Happy Monday,
I was looking for a less memory intensive alternative (compared to julia fenics) for doing finite element method, so I wanted to try JuliaFEM. As Navier Strokes is not a predefined problem I wanted to define it my self. When adding JuliaFEM it gave me some warning messages. I couldnt paste the testing output as it goes over the caracter limit.
I tried to follow the example of adding a problem but I could not, so I was guessing maybe JuliaFEM is not properly installed? The predefined example problems that come with it though work fine though.
type Truss <: FieldProblem
end
ERROR: syntax: extra token "Truss" after end of expression
function get_unknown_field_name(problem::Problem{Ginger})
return "displacement"
end
UndefVarError: Ginger not defined
Stacktrace:
[1] top-level scope at In[17]:1
I think there’s nothing wrong with the installation, ]add JuliaFEM should be enough.
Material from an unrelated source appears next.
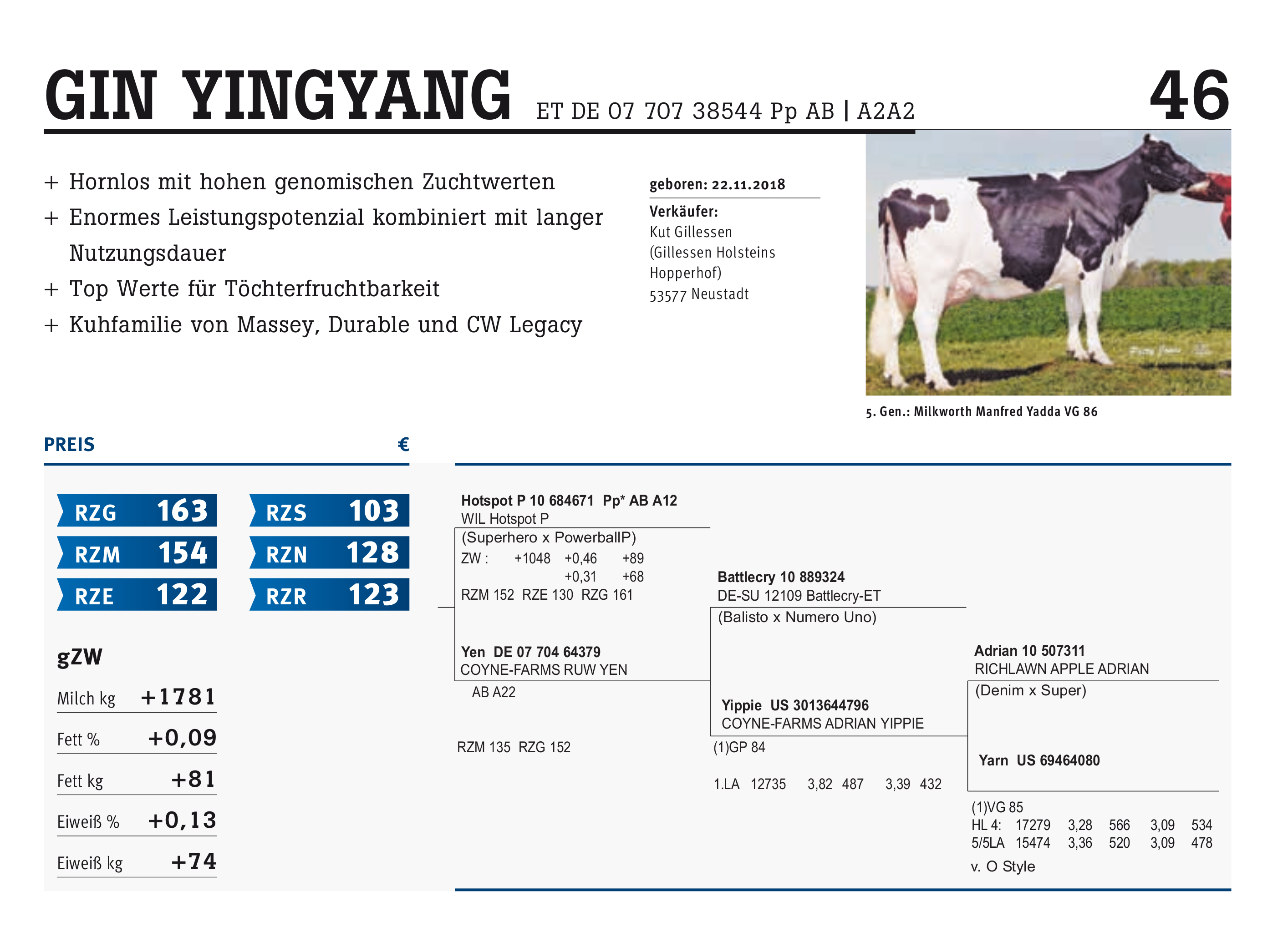 Mit GIN YINGYANG ET P bieten wir eine hornlose HOTSPOT P-Tochter mit hohen genomischen Zuchtwerten an.

With new Julia 1.0 syntax, type should be immutable struct and if you define a problem Truss, you should use that name also in that function (now you use Ginger why the error is thrown).
Im unable to install juliaFEM, im getting the following error:
(@v1.10) pkg> add JuliaFEM
Resolving package versions…
ERROR: Unsatisfiable requirements detected for package Reexport [189a3867]:
Reexport [189a3867] log:
├─possible versions are: 0.2.0-1.2.2 or uninstalled
├─restricted by compatibility requirements with LinearSolve [7ed4a6bd] to versions: 1.0.0-1.2.2
│ └─LinearSolve [7ed4a6bd] log:
│ ├─possible versions are: 0.1.0-2.28.0 or uninstalled
│ └─restricted to versions * by an explicit requirement, leaving only versions: 0.1.0-2.28.0
└─restricted by compatibility requirements with JuliaFEM [f80590ac] to versions: 0.2.0 — no versions left
└─JuliaFEM [f80590ac] log:
├─possible versions are: 0.5.0-0.5.1 or uninstalled
└─restricted to versions * by an explicit requirement, leaving only versions: 0.5.0-0.5.1
Hi @PetrKryslUCSD, I want to solve 3D poissons eqn (electrostatic type problem) in julia, can you suggest good packages that are well documented as well as robust for solving large problems (~10 million DOFs).